Aux Pays-Bas, un scénario similaire s’est joué aux législatives de 2006. À la gauche de la gauche, le Parti socialiste (SP) a créé la surprise en totalisant 16,6 % des suffrages et en devenant pour la première fois de son histoire la troisième force politique des Pays-Bas. Le SP, qui avait appelé à voter « non » au référendum européen, plaide notamment pour une réduction des cadeaux fiscaux accordés aux entreprises, une baisse des dépenses militaires, une augmentation du montant des retraites, des crèches gratuites… Cette gauche dite « radicale » veut recréer un nouvel État social. Le score de cette force antilibérale marque là aussi la faillite du Parti du travail (PvdA), converti à un social-libéralisme de plus en plus impopulaire. Alors que le pays affiche une bonne santé économique (le taux de chômage y est le plus bas de l’UE), la gauche traditionnelle hollandaise a elle aussi détricoté l’État providence en ouvrant notamment la voie à une privatisation partielle de la Sécurité sociale. Le PvdA est resté à l’issue du scrutin la deuxième force politique du pays et a formé un gouvernement de coalition avec l’Appel chrétien-démocrate (CDA) du Premier ministre sortant, Jan Peter Balkenende. Comme l’avait observé Marc Jacquemain [^2] au lendemain des élections, le mécontentement des déçus de la gauche ne s’est pas traduit par un vote d’extrême droite massif, mais par un vote pour la gauche radicale : « C’est une évolution très intéressante, notamment aux Pays-Bas, que l’on a longtemps dits tétanisés par un discours anti-immigrés dans la ligne de Pim Fortuyn. »

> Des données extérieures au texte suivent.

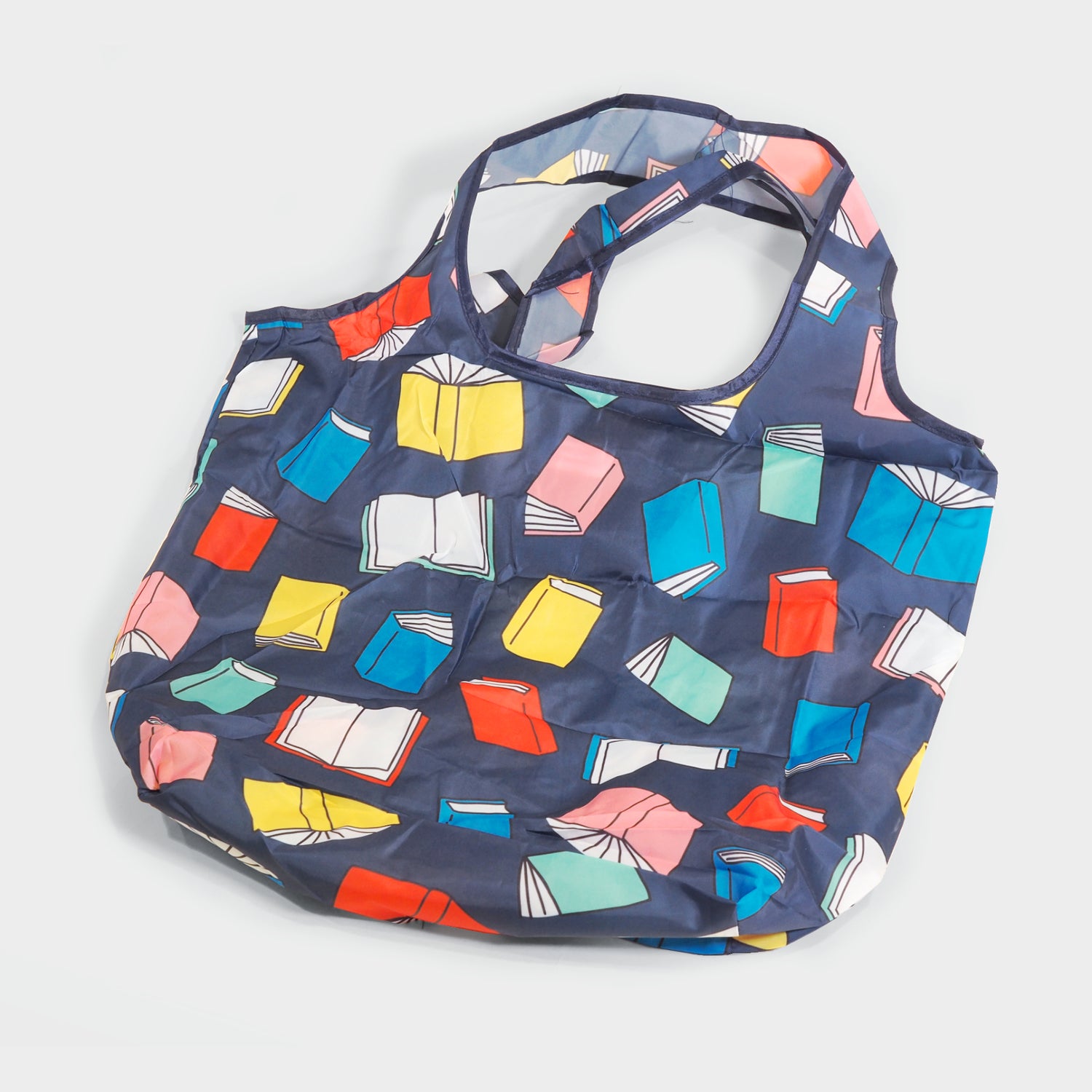 Carry your next great read (and everything else) in style with this foldable tote bag covered in a playful books pattern. Lightweight yet sturdy, it folds up easily into the attached pouch to tuck into your purse, backpack, or glove compartment.

En Autriche, la gauche est dans une phase ascendante. Le Parti social-démocrate (SP…), absent du gouvernement depuis 1999, a remporté les législatives d’octobre 2006 en obtenant 35,3 % contre 34,2 % pour les conservateurs du Parti populaire (…VP) de Wolfgang Schüssel. Le pays retourne donc à l’alliance droite-gauche qui avait gouverné de 1986 à 1999. Quant aux Verts autrichiens (Die Grünen), ils continuent de représenter un des plus grands partis écologistes en Europe avec 11,1 % des voix aux dernières élections.

La Belgique est donc désormais le seul pays, avec le Grand-Duché du Luxembourg, où il n’existe pas de force significative à la gauche de la social-démocratie. Or, celle-ci n’a pas d’autres choix que de soigner sa gauche si elle ne veut pas, un jour, se retrouver en concurrence avec d’éventuels antilibéraux…

[^2]: Professeur de sociologie à l’Université de Liège (ULg, Belgique), dans le Journal du mardi (hebomadaire belge en ligne) daté du 27 novembre 2006.